Uma grande parte dos elementos estatisticos colligidos constitue os mappas e documentos, annexos ao parecer da commissão de 1883; outros reuni ainda depois de me haver exonerado de membro d'esta commissão, porque julguei que a maioria d'ella não acceitava o meu parecer, manifestando-se no seu seio uma pronunciada tendencia para ser chancellado um projecto qualquer.
Foi o estudo detido d'estes dados estatisticos, que radicalmente alterou a minha primeira convicção, e de defensor das docas de fluctuação me transformou em seu adversario intransigente. São exactamente os argumentos, que operaram esta transformação, que vou ter a honra de expor á camara.

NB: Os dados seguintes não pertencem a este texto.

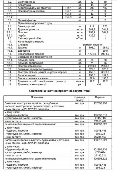 Згідно з документом, вартість ремонту вул. Пекарської та вул. Шімзерів станом на 30 грудня 2022 року становить 133 912 521 грн, з цієї суми 101 986 136 грн – виключно будівельні роботи.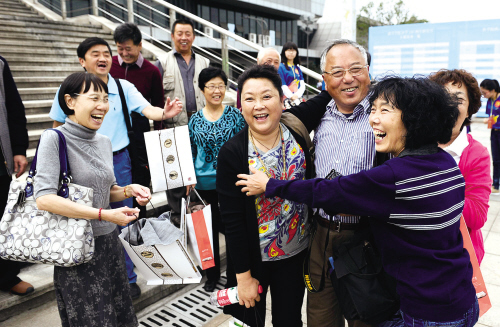 从全国各地赶来参加盛会的77届嘉兴学院学子相隔37年后和任课老师亲密拥抱。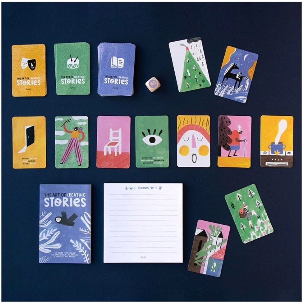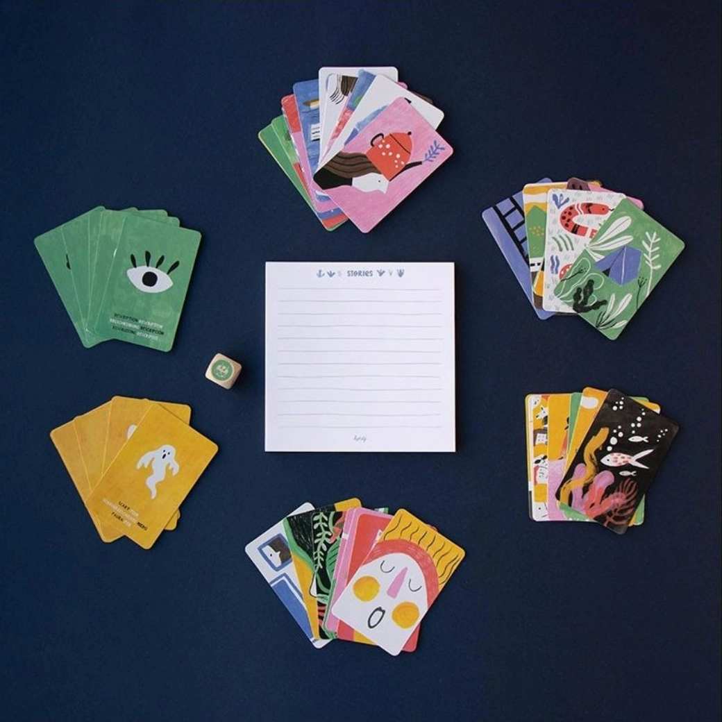 Het Londji kaartspel Verhalen is een geweldige manier om gezamenlijk verhalen te creëren en te vertellen. Spelers gebruiken kaarten met illustraties om boeiende verhalen te maken. Het spel is verdeeld in drie kaartblokken: verhalen, ritmes en genres. Elke speler krijgt een blad en op basis van de worp met de dobbelsteen worden kaarten omgedraaid om het verhaal te vormen.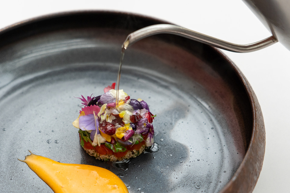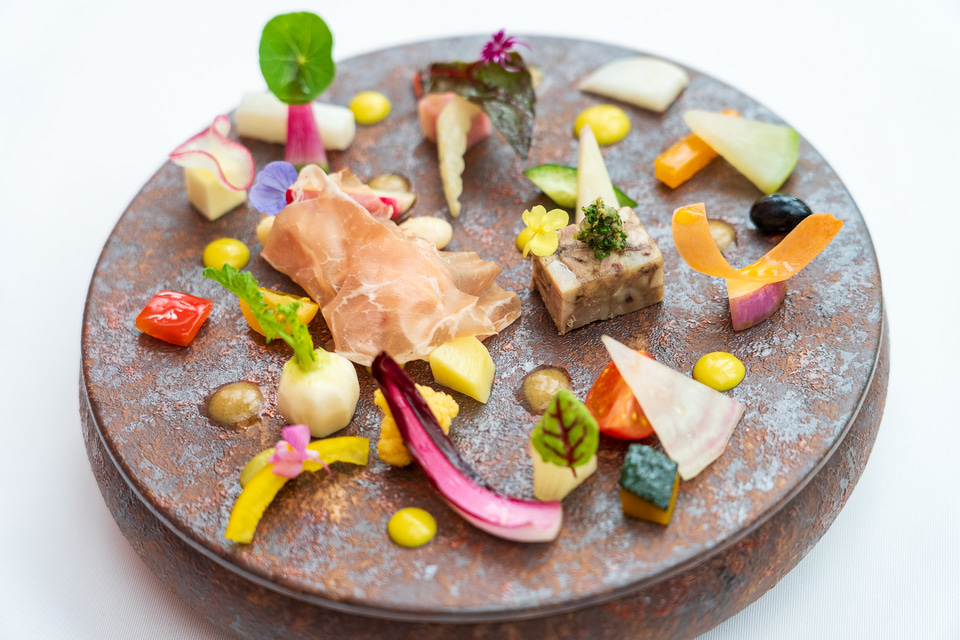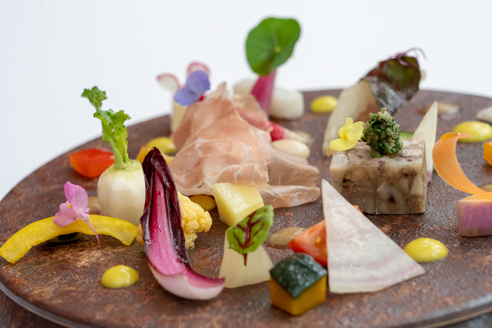 イタリアの郷土料理をベースにしたこの地域ならではのメニューには、ソムリエが約2000本の豊富なワインセラーから厳選した8本とのワインペアリングをプラスするのがおすすめ! さっそく全10皿を順番にご紹介しましょう。

Sei que é quasi inutil fazel-o, mas, sr. presidente, é em nome do meu dever e da minha responsabilidade que vou fallar; cumpro, pois, o primeiro e salvo completamente a segunda. Eis o que me basta.
Não querem estudar a questão, não a estudem. Não querem ouvir nada, não ouçam. Por ambos estes motivos temos nós commettido graves erros nas nossas grandes obras de fomento nacional.
O caminho de ferro de leste, sangrado até Santarém pelo rio Tejo, quando aliás o seu traçado devia ter sido proximamente o da linha de Lisboa a Torres e Soure, obriga-nos agora a construir esta, continuando a fazer-se perniciosa concorrencia uma via ferrea e uma excellente via navegavel, como o Tejo; a teimosia de um militar, que obrigou a linha de leste a passar por baixo dos fogos de Elvas, motivou a construcção do ramal de Caceres, quando aliás a poderia ter evitado e até mesmo talvez a da linha da Beira Baixa: a influencia de um grande politico desviou a linha do norte do coração da Beira Alta, fazendo-a atravessar em grande extensão as dunas da costa, beijada pelas ondas do Oceano; quando, aliás, poderiamos ter dispensado a via ferrea da Beira Alta, pelo menos em grande parte. O caminho de ferro do Douro marginando um rio, que conviria antes tornar navegavel; esses tristes ramaes de Vizeu e de Coimbra, o primeiro dos quaes devia, a meu ver, ser de via larga e constituir uma secção da linha ferrea, que no futuro ha de ligar os caminhos de ferro da Beira Alta com o da Beira Baixa e o do Sul; o segundo, um ramal tem nome; todos estes factos constituem, segundo penso, graves erros, que provéem ou da precipitação com que tudo se faz entre nós, ou da acção de funestas influencias e importancias que o paiz paga mui caras.